Глава 2 Мировая революция

Нравится нам или нет, но начало войны, как и многое другое, неразрывно связано с именем Сталина. Так уж сложилось, что к этому времени сосредоточил Иосиф Виссарионович в своих руках абсолютную власть. Так уж вышло, что все хоть сколько-нибудь важные решения принимал теперь практически в одиночку.

И вот какое стратегическое решение принял он накануне войны и, главное, почему, попробуем разобраться. А еще попробуем понять, что это был за человек. Чем был движим, к чему стремился, на что надеялся.

Вот некоторые высказывания о нем.

«Вы можете меня называть любыми словами, но я восхищен и очарован Сталиным. Это был зверь, кровавое дикое чудовище.

А еще — гений всех времен и народов»[12].

«В своих мягких кавказских сапогах Сталин умело отошел в тень истории, чтобы сейчас вновь замаячил на горизонте грозный образ. И павшая величайшая империя XX века все чаще вспоминает о своем создателе, и в облаке новых мифов возвращается в страну он — Хозяин, Отец и Учитель»[13].

И даже Черчилль, выступая в палате общин в день 80-летия Сталина (в 1959 году), сказал: «Большим счастьем было для России, что в годы тяжелейших испытаний страну возглавил гений и непоколебимый полководец Сталин».

Был ли он «гением всех времен и народов»? В. Суворов утверждает, что да, был. И будучи таковым, все свои действия, всю жизнь свою подчинил якобы одной цели — победе социализма в мировом масштабе. Победе. полной и окончательной. Навеки, навсегда. И ради этой победы — уничтожение собственной интеллигенции и крестьянства, кровавый незатухающий террор и разгром командных кадров, ГУЛАГ и Беломорканал, расправа с бывшими соратниками, которые имели неосторожность считать себя друзьями, и Троцким, считавшим себя истинным ленинцем. Ради этой победы… «создание» Гитлера.

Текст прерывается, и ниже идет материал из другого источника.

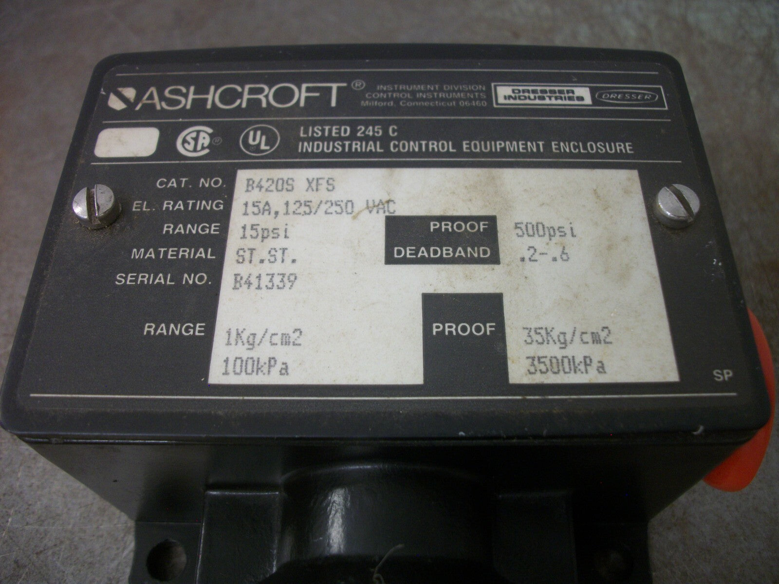 ASHCROFT PRESSURE SWITCH B420S XFS 15AMP 125/250VAC 15-500PSI NOB

Не будем пока оценивать возможностей «раннего» Сталина, одного из лидеров разбитой, лишь поднимающейся из руин, зажатой во враждебном окружении огромной страны, сколь-либо серьезно влиять на судьбы относительно благополучной Европы.

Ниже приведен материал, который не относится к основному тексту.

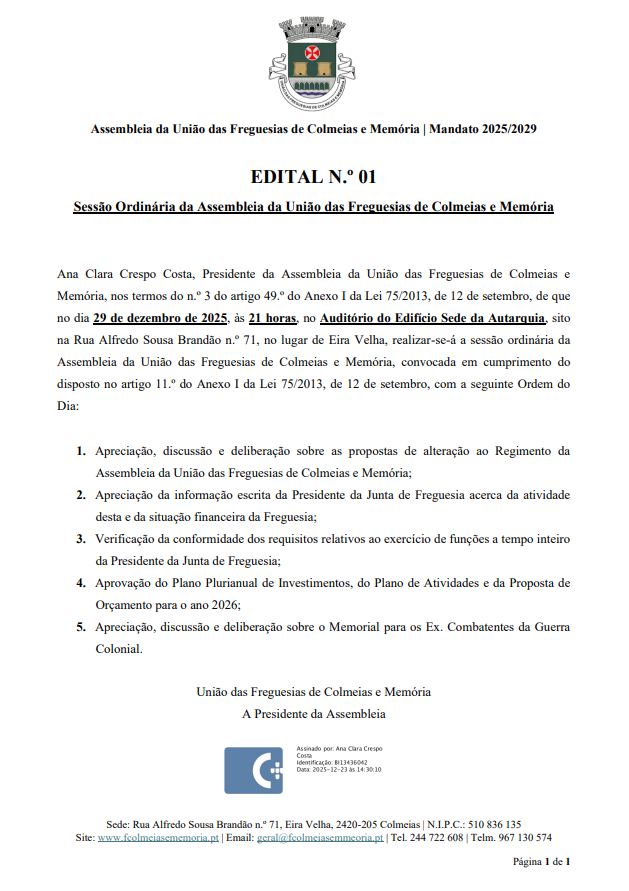 O atendimento da Sr.ª Presidente do Executivo à população é efetuado por marcação prévia.

Проанализируем-то, что пишет В. Суворов в «Ледоколе» и «Последней республике». И начнем с мировой революции. Кстати, зачем она, именно мировая? Как и всегда, в пространном рассуждении, приводить которое полностью попросту невозможно, В, Суворов поясняет: Советский Союз не мог существовать рядом с «нормальными» странами, любое сравнение было не в пользу коммунистического режима. Он должен был либо завоевать всех соседей, всю Европу, либо пасть. Он не мог остановиться на каких-то рубежах, а вынужден был якобы непрерывно расширяться[14]. А дальше следует решающий вывод. Вторая мировая война, как и все предыдущие войны новейшей истории, инспирирована Сталиным. Гитлер создан им, чтобы в качестве локомотива, «ледокола» проложить путь для захвата СССР Западной Европы. Не больше и не меньше.

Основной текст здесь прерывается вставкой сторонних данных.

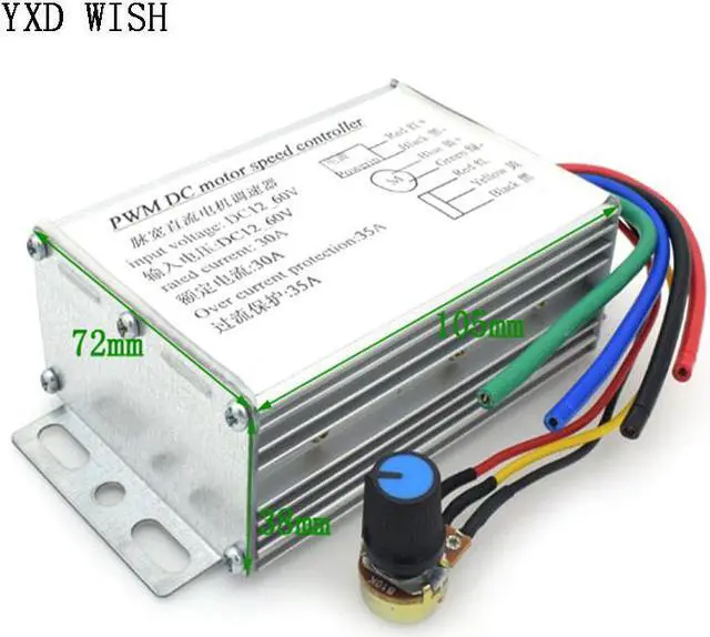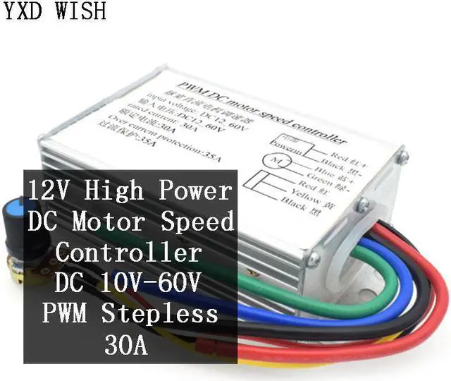 Contrôleur de vitesse de moteur cc 10V-60V PWM commutateur de contrôle de vitesse en continu 4V 36V 48V 60V contrôleur de vitesse de moteur haute puissance 30A

Идея мирового господства, мягко говоря, не нова. Но то, что никому и никогда не удавалось ее осуществить, кое о чем говорит. Александр — отступил. Рим — даже и не пытался выйти за границы «цивилизованного» Средиземноморья. Батый, который, как считает большинство историков, мог ворваться во Францию и Италию, — не рискнул. Бонапарт закончил свои дни на крошечном острове в Атлантике, а Гитлер — на полу подземного бункера, последней территории Третьего рейха.

Так устроен мир. Он всегда многополюсный. И если агрессору на короткое время по тем или иным причинам удается временами получить заметное, военное скажем, преимущество и потеснить соседей, остальные, из справедливо упомянутого В. Суворовым чувства самосохранения, — очень быстро забывают старые обиды и даже, если хотите, идеологические разногласия и организуют единый фронт борьбы. Но, на мой взгляд, даже не это главное. Диктатура и агрессия возникают на почве серьезного кризиса и неустроенности. И вначале диктатор и сподвижники его не имеют ничего, кроме неустойчивой власти в нищей стране. Но грядет победоносная захватническая война, и все меняется. Вновь становятся популярными средневековые титулы, и власть — вот она, в руках, глядит, будто из тысяч зеркал, с портретов и с заходящихся в экстазе уличных шествий. И гвардия — уже не нищие разбойники с большой дороги, а невзначай обзаведшийся ресторанчиками и пивными средний класс. И куда только девалась былая непобедимая ярость больших батальонов. А враги, напуганные участью ближайших соседей, подготовились к борьбе не на жизнь, а на смерть. И стоит ли ввязываться в новую драку, и так уже имея все? Сколько фанатиков приходится на тысячу нормальных людей? Один или даже меньше? Мне могут возразить, что рейх и Япония военных лет — не тот случай. Да тот. Просто не успели они дойти до стадии разложения, Им не дали успеть.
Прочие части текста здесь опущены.